RSPB Vice President Chris Packham has been exciting newspaper columnists and the twittersphere by suggesting we need to do something about cats. It's one of those topics like pensions, free access to museums or marmite that sharply divide people.
Chris is 100% correct in saying domestic cats (an estimated 7 to 9 million of them in the UK) are responsible for killing some 100 million critters a year or a half-year*. The prey are mostly small mammals but a large chunk are birds, particularly garden birds. There is voiciferous anecdotal evidence supported by speculation that cats are responsible for decimating songbirds. There's a severe lack of scientific evidence to support those speculative assertions.
Of course any predator will reduce numbers of its favourite nibble. You should see the houmous shelves in my local shop after Friday snack-hunts. However, more houmous is produced than I can consume, and the same is true of garden birds.
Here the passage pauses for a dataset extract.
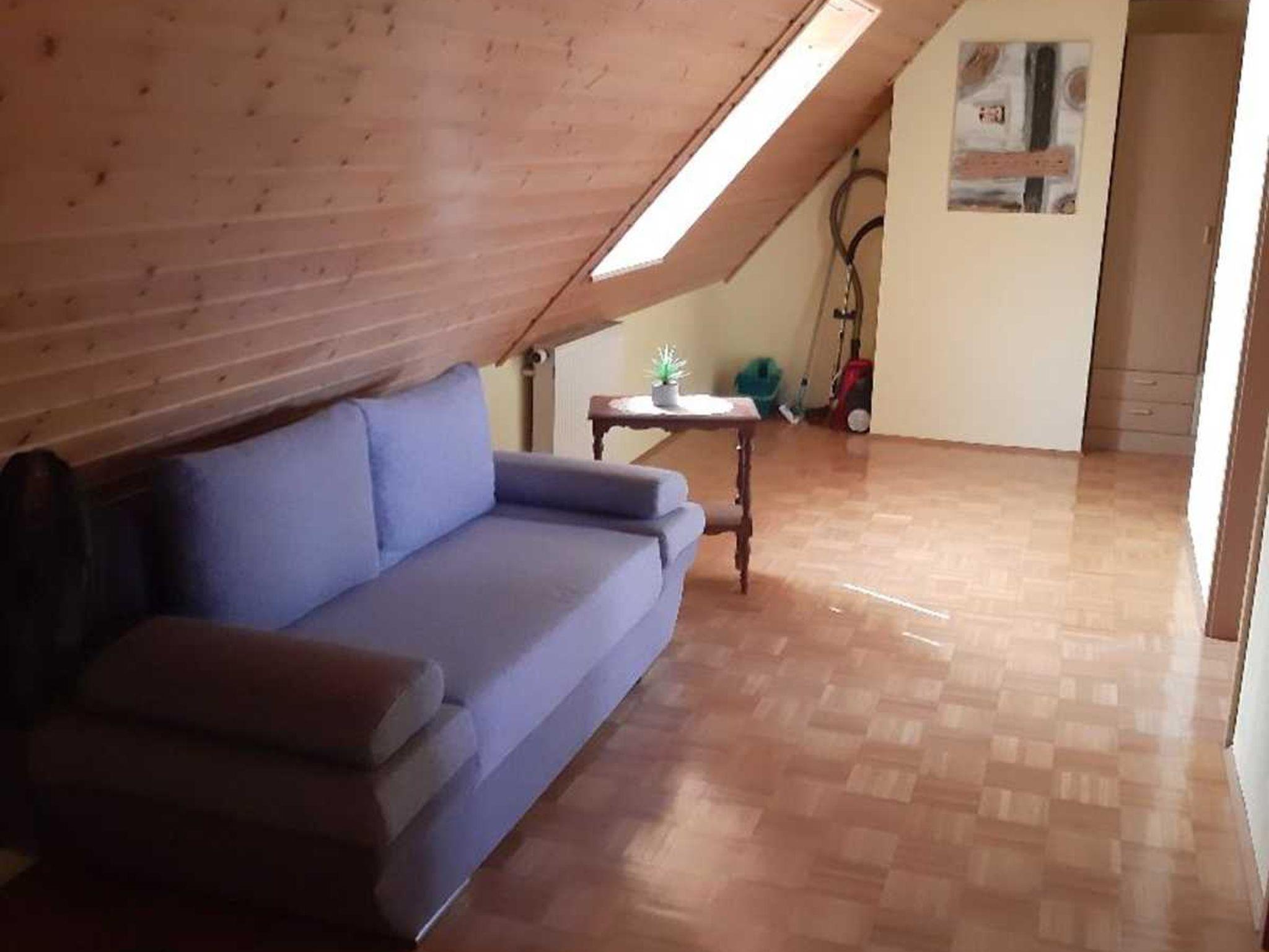 Unsere ruhige 90qm Dachwohnung für 1-4 Personen verfügt über ein Bad incl. Dusche/WC sowie eine neue, vollausgestattete Küche. Das großes Wohnzimmer ist mit TV und DVD Player ausgestattet, ein geräumiges Schlafzimmer mit Doppelbett sowie 2 Schlafcouches (140x200) stehen zur Verfügung, somit können bei Bedarf bis zu 4 Erwachsene untergebracht werden. Die Couches befinden sich freistehend in Flur und Wohnzimmer. Platz für ein Kinderbett ist vorhanden, muss allerdings selber mitgebracht werden. Freies W-Lan ist in allen Bereichen verfügbar.
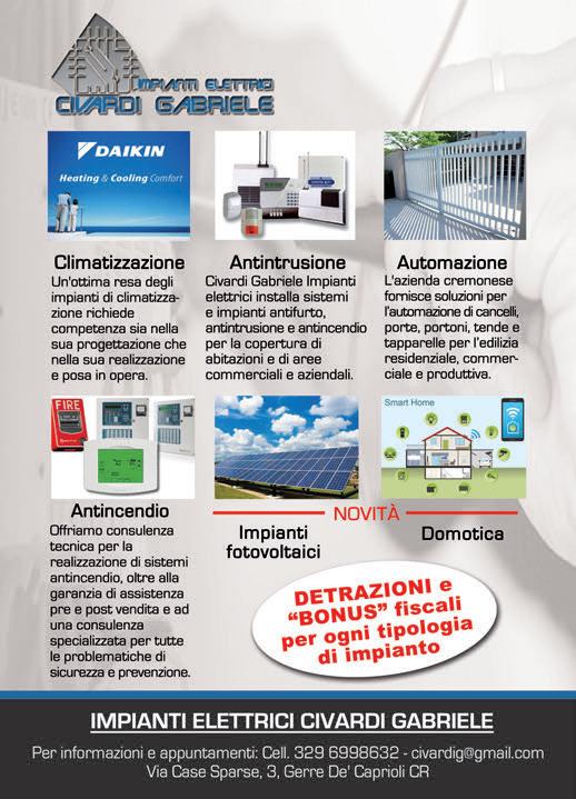 Lo ritiri fuori dallo Zini prima della gara MARTEDÌ TORNA IL MAGAZINE DELLA CREMO SCUOLE ELEMENTARI: 1 SU 5 NON SA SCRIVERE IN CORSIVO xx a pagina - CULTURA Galletti a pagina 5 Direttore responsabile: Daniele Tamburini • Società editrice: U.P. Uggeri Pubblicità srl • Amministrazione e diffusione: Corso XX settembre 18, Cremona - tel. 0372 20586 • Autorizzazione del Tribunale di Cremona n° 5/2017 del 26/10/2017 Redazione: Corso XX Settembre 18, Cremona - tel. 0372 20586 • ilpiccolocremona@gmail.com • Stampa: Industria Grafica Editoriale Pizzorni I.G.E.P. Srl - Cremona • Pubblicità: U.P. Uggeri Pubblicità srl • 0372 20586 • info@uggeripubblicita.it MAURIZIO COSTANZO IL GIORNALISTA TV È MORTO A 84 ANNI LUTTO a pagina 13 MELONI: L’UCRAINA DIFENDE VALORI E IDENTITÀ EUROPEI GUERRA a pagina 13 ISSN 2724-4385 Anno VII • n° 8 • SABATO 25 FEBBRAIO 2023 Periodico • € 0,02 copia omaggio CREMONA Via antiche fornaci 18 0372 434 339 info@ferramentabarbieri.com RIPARAZIONE ZANZARIERE FORNITURA Zanzariere Tapparelle Veneziane Tapparelle CA’ DEL FERRO • La relazione del Garante: sovraffollamento, proteste, tentati suicidi Raineri a pagina 6

Predation will have an effect, but the shrinking populations of songbirds cannot be entirely blamed on cats, sparrowhawks, jays, rats and squirrels.
If you have a cat and have been inspired by Chris to step-up your efforts to reduce its playtime with nature, then there's lots you can do.
Studies have found that sonic collars emitting high-frequency sounds inaudible to us and cats work better than bells to warn mammals and birds of the cat's presence. There are other sonic devices that deter cats from gardens. Keeping cats indoors at dawn and dusk or ensuring you control their play-time during the breeding season - or mid-winter can all help.
There are design tricks you can employ in gardens or outdoors spaces. Keeping feeding stations away from vantage or leaping points helps reduce the number of feeding birds from becoming food. Having dense, preferable prickly, shrubs within a short fast flight of the feeder is good too.
Nature is amazing. It's beautiful and inventive. Conservation is all about caring for what we've got and working with nature to draw out the best it can offer. Nature can be brutal, chaotic and unforgiving too.
If you fancy exploring more of that beautiful, chaotic, seedy, brutality. Take part in our Cockney Sparrow Count and share your images or thoughts. It's also National Insect Week. There are more than a dozen different species of ladybird to find at our Rainham Marsh reserve, including a new arrival in the UK, the all orange and ever so slightly hairy Bryony ladybird.
Be warned when handling ladybirds. You may well become aware of a bitter smell. It's their defence mechanism, where they wee a type of toxic blood from their knees. How crazy, inventive and mad is a leaky poisonous knee?
* Figures quoted here come with a caveat - or should that be Cat-e-ate - in that there are only best guesses and estimates available and that the data that is available varies from organisation to organisation.